Can someone recommend a reputable driving school in Dubai?

Thanks


----------



## rsinner (Feb 3, 2009)

Well, there aren't too many driving schools around - only 4-5 of them are allowed to operate in dubai (and charge a bomb)
if you HAVE to take classes here, there are emirates driving institute, Belhasa driving center, Dubai Driving Center, and Al Ahli and maybe more I don't know of. They have branches in a number of places, and you can get the contact details from their websites. Based from my experience and those of my colleagues, I would recommend Emirates over the others (just relatively speaking). Also, the experience has a lot to do with the individual instructor. Also, Emirates is a few hundred Dhs more expensive.


----------



## Lamplighter (Jul 20, 2010)

rsinner said:


> ... Based from my experience and those of my colleagues, I would recommend Emirates over the others (just relatively speaking). Also, the experience has a lot to do with the individual instructor. Also, Emirates is a few hundred Dhs more expensive.

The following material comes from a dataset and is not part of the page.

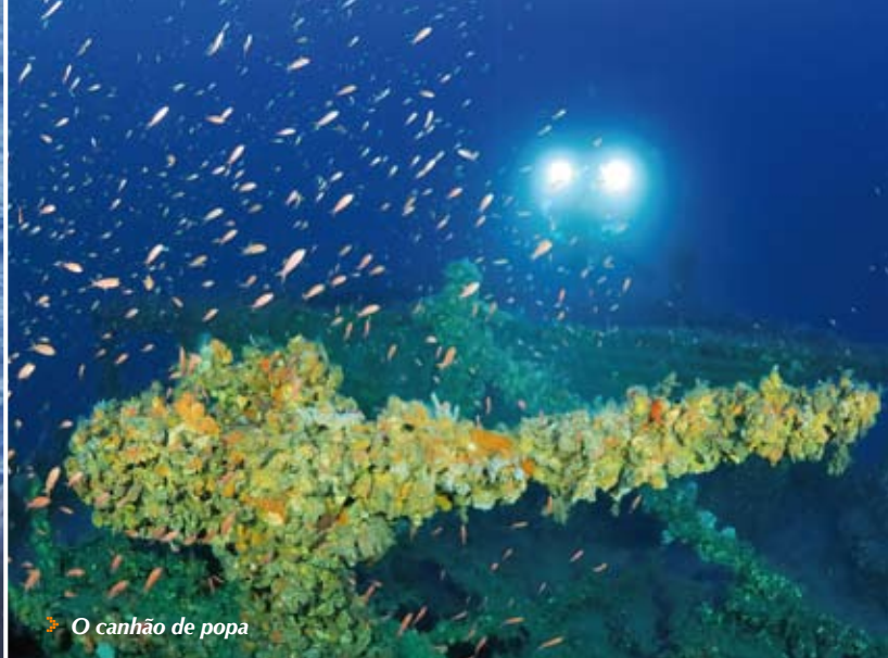
➤ O canhão de popa

Thanks rsinner - I'll contact Emirates for a quote (_and then pick myself off the floor_)!


----------



## Maz25 (Jul 6, 2008)

If you are planning to go home for a few weeks, it may be better for your wife to do an intensive driving course and take her test back home. Whilst it is more practical to learn to drive here, it is also more expensive, there is a low pass rate and they effectively teach you nothing. Additionally, when you go back home, you wife will have to take another driving test as the UAE license is not recognised by the UK. It would be a lot more difficult to pass a test then as some of things they teach you are not exactly legal in the UK (or anywhere else for that matter!) and there is also the issue that our driving skills are practically non-existent after we've been here a while.


----------



## dizzyizzy (Mar 30, 2008)

I agree with Maz. Driving lessons in Dubai = NIGHTMARE. Avoid them at all costs.


----------



## Mattuk (Jan 17, 2010)

Hi Lamplighter, 

If you do decide to do your lessons here in Dubai I would advise you not to go with Al Ahli I have had an absolute nightmare trying to book lessons with them and even when I did arrange to book a lesson half the time the driver didn't turn up.

Matt


----------



## Nafi (Sep 26, 2011)

Emirate driving school is a pretty decent one. Even though the rates are a little higher than some others, the quality is very god.


----------